Repeat exactly the lines that run from the start of the records below to the line with "Leuke mannen armband", including both of those lines but not the pictures.

Records from a dataset:
● ● ●

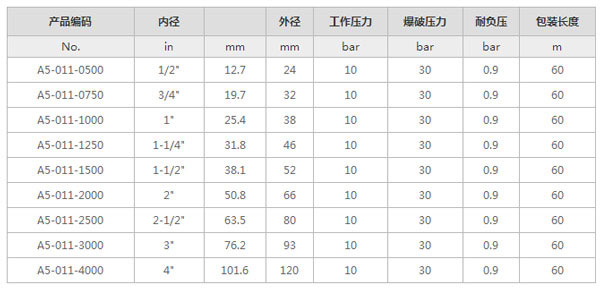 内层:食品级EPDM合成橡胶,白色,光滑
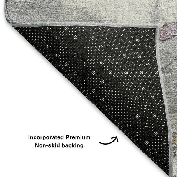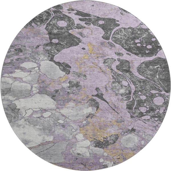 Mayfield Premium Machine Washable Abstract AMF1909 Lavender 8 ft. x 8 ft. Round Rug
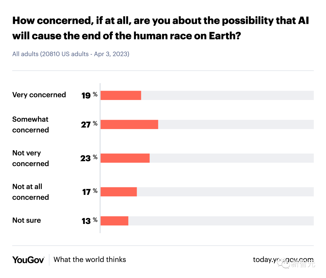 而关心AI会毁灭人类这个话题的人,和不关心的人,大约各占一半。
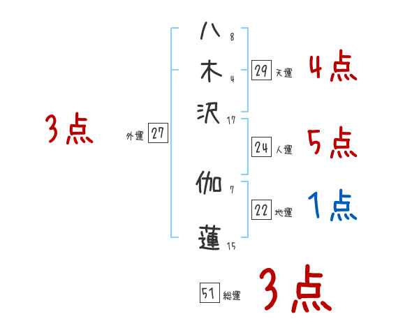 総運![]() | 八木沢伽蓮さんの総運は51画の3つ星!変化が激しく、危険に注意。堅実な性格。 あなたの人生を表す1番重要な運勢です。生涯を通じて影響する総合運となり、主に50歳以降の晩年期に影響を及ぼします。 |
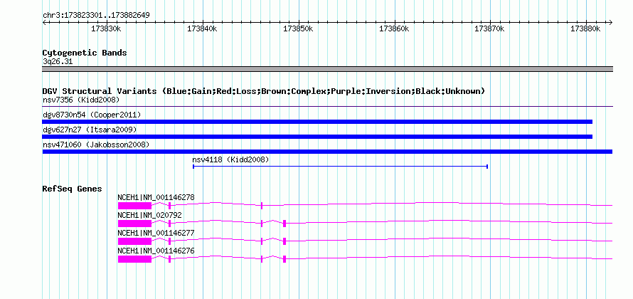 Variant DetailsVariant: nsv471060 | Internal ID | 15557619 | | Landmark | | | Location Information | | | Cytoband | 3q26.31 | | Allele length | | Assembly | Allele length | | hg38 | 59349 | | hg19 | 59349 | | hg18 | 59349 |
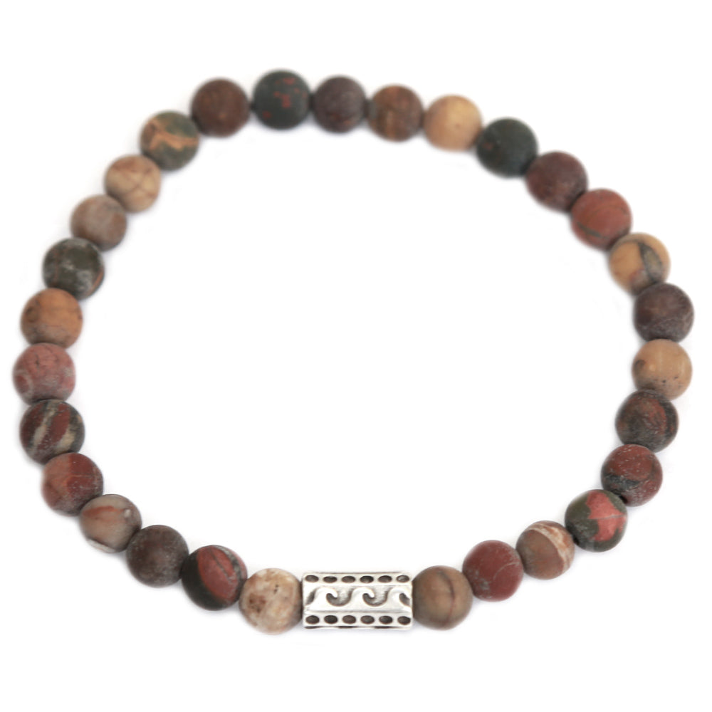 Leuke mannen armband van tigereye kralen en een zilveren bedel met golfjes.
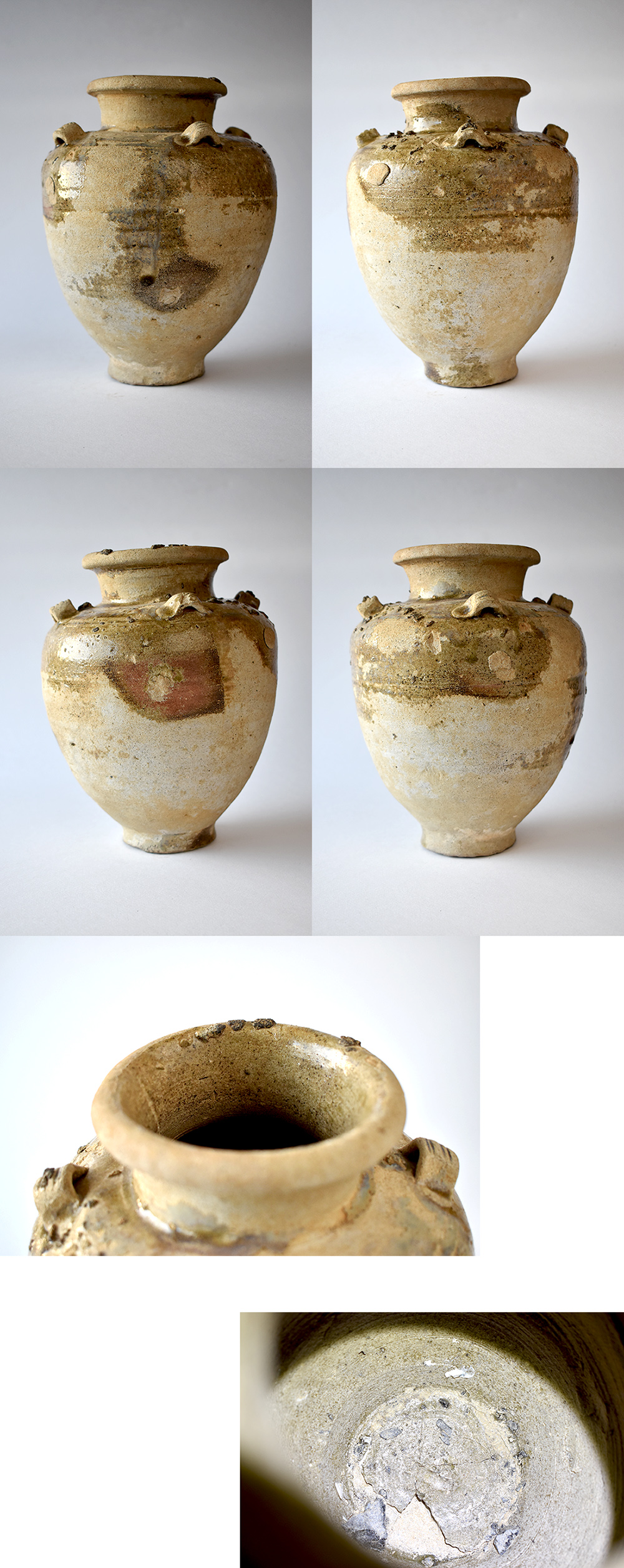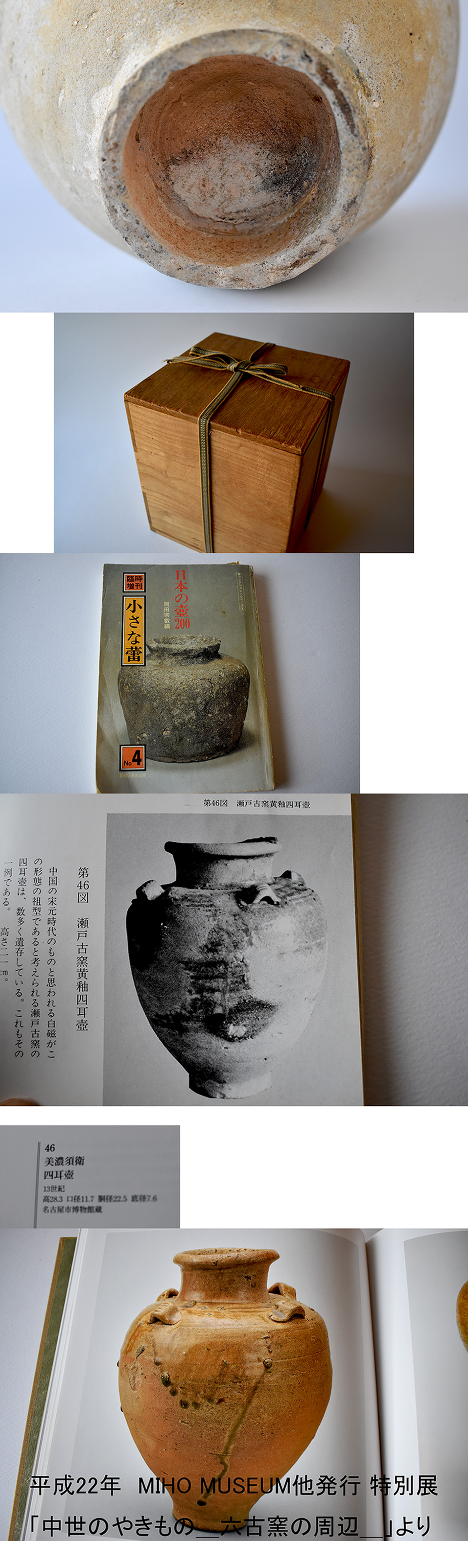 奈良県の某氏旧蔵のお品で、創樹社出版の雑誌、小さな蕾の臨時増刊「日本の壺200」に掲載されている所載品です。本のなかでは瀬戸と紹介されているようですが実際は上記のように美濃須衛古窯であり、こちらは見立違いであったかと思います。また平成22年から始まる巡回特別展、ミホミュージアム他発行の「中世のやきものー六古窯とその周辺ー」の図録に美濃須衛らしさが良く出ている四耳壺がありましたので参考にしていただければと思います。

● ● ●

Output for this exercise
 内层:食品级EPDM合成橡胶,白色,光滑
 Mayfield Premium Machine Washable Abstract AMF1909 Lavender 8 ft. x 8 ft. Round Rug
 而关心AI会毁灭人类这个话题的人,和不关心的人,大约各占一半。
 総運![]() | 八木沢伽蓮さんの総運は51画の3つ星!変化が激しく、危険に注意。堅実な性格。 あなたの人生を表す1番重要な運勢です。生涯を通じて影響する総合運となり、主に50歳以降の晩年期に影響を及ぼします。 |
 Variant DetailsVariant: nsv471060 | Internal ID | 15557619 | | Landmark | | | Location Information | | | Cytoband | 3q26.31 | | Allele length | | Assembly | Allele length | | hg38 | 59349 | | hg19 | 59349 | | hg18 | 59349 |
 Leuke mannen armband van tigereye kralen en een zilveren bedel met golfjes.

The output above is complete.